Assam polls and migrants: Managing competing identities in government documents

Express News Service
GUWAHATI/GOALPARA/KOKRAJHAR: Shyamal Biswas, not his real name, walks briskly into his sparse, customer-less hotel in Bonda Colony, Kamrup district, to engage in an animated discussion with his wife and petite daughter.

Moments later he comes out with a cup of tea and rather proudly declares that he had just got his first shot of the Covid-19 vaccine.
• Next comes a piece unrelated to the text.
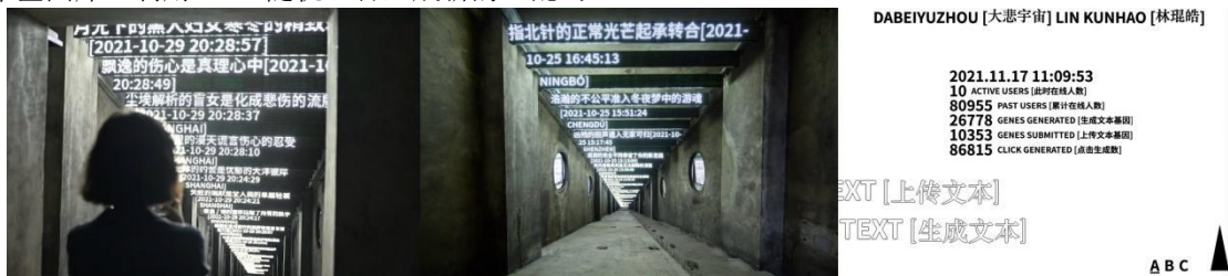
作品三：《文本基因计划》（图4-3）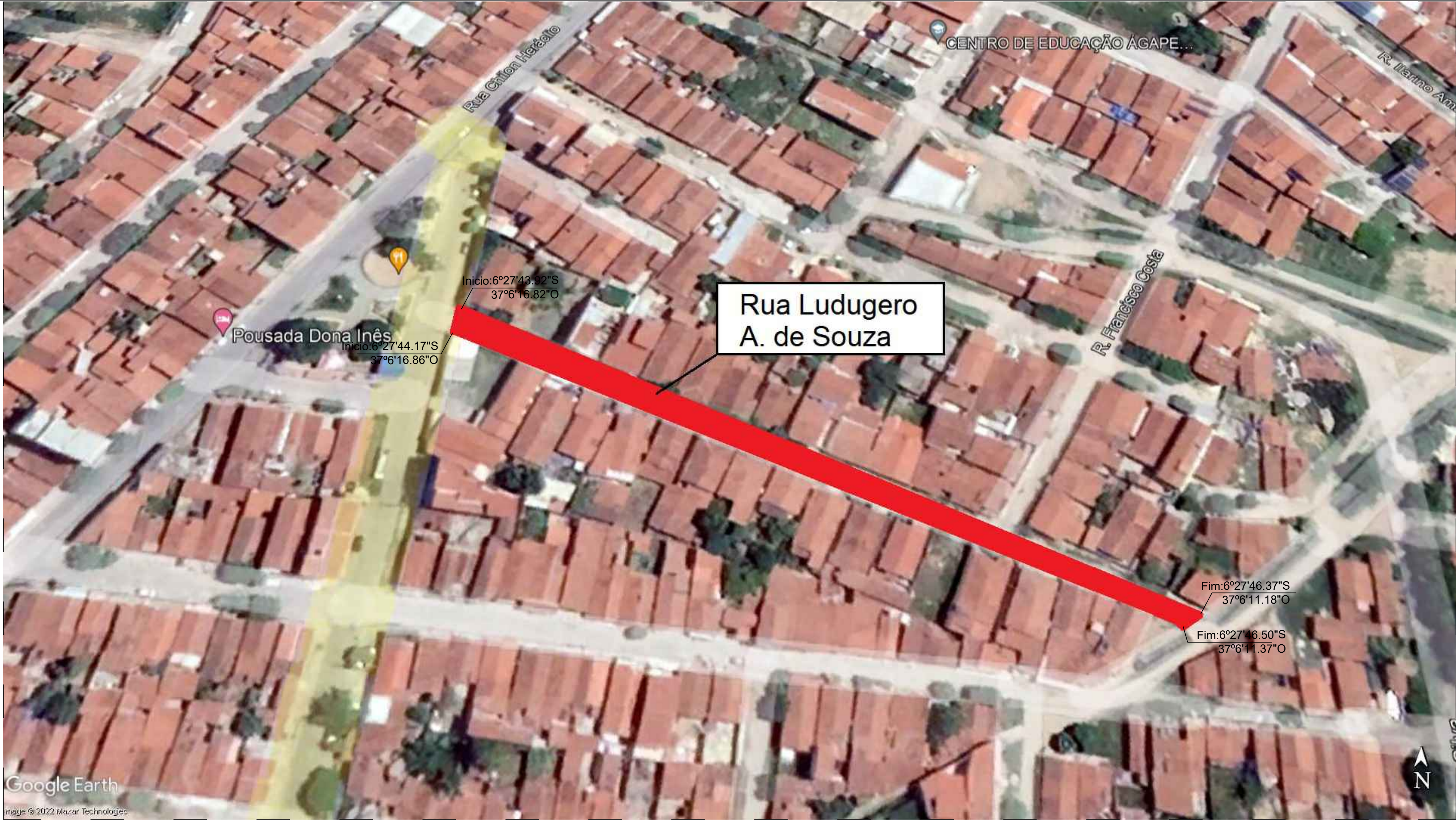
PLANTA DE SITUAÇÃO Pavimentações, Caicó/RN Sem escala

His free vaccination was not without hiccup, though.

“The girl there said my name is not in the list but when I told her that I have been sent by a Bharatiya Janata Party leader, she checked and gave me the shot,” the loquacious Biswas said.

“You see, my age is different in all my documents,” he said, fishing out his election identity card from his shirt pocket where he is aged 46 and his PAN card where he is 66.

“The teachers who carried out the survey for these documents goofed up, they are useless,” he declared.

Bonda Colony, a town of a few hundred households just outside Guwahati, is inhabited mainly by Bengali Hindus, like Biswas.

Locals said they are mainly settlers from Bangladesh who have over the years acquired documents that give them the right to claim they belong here.

These documents are often got through illegal means, which perhaps explains the wide discrepancy in Biswas’s age. The Bengali Hindus mostly support the BJP.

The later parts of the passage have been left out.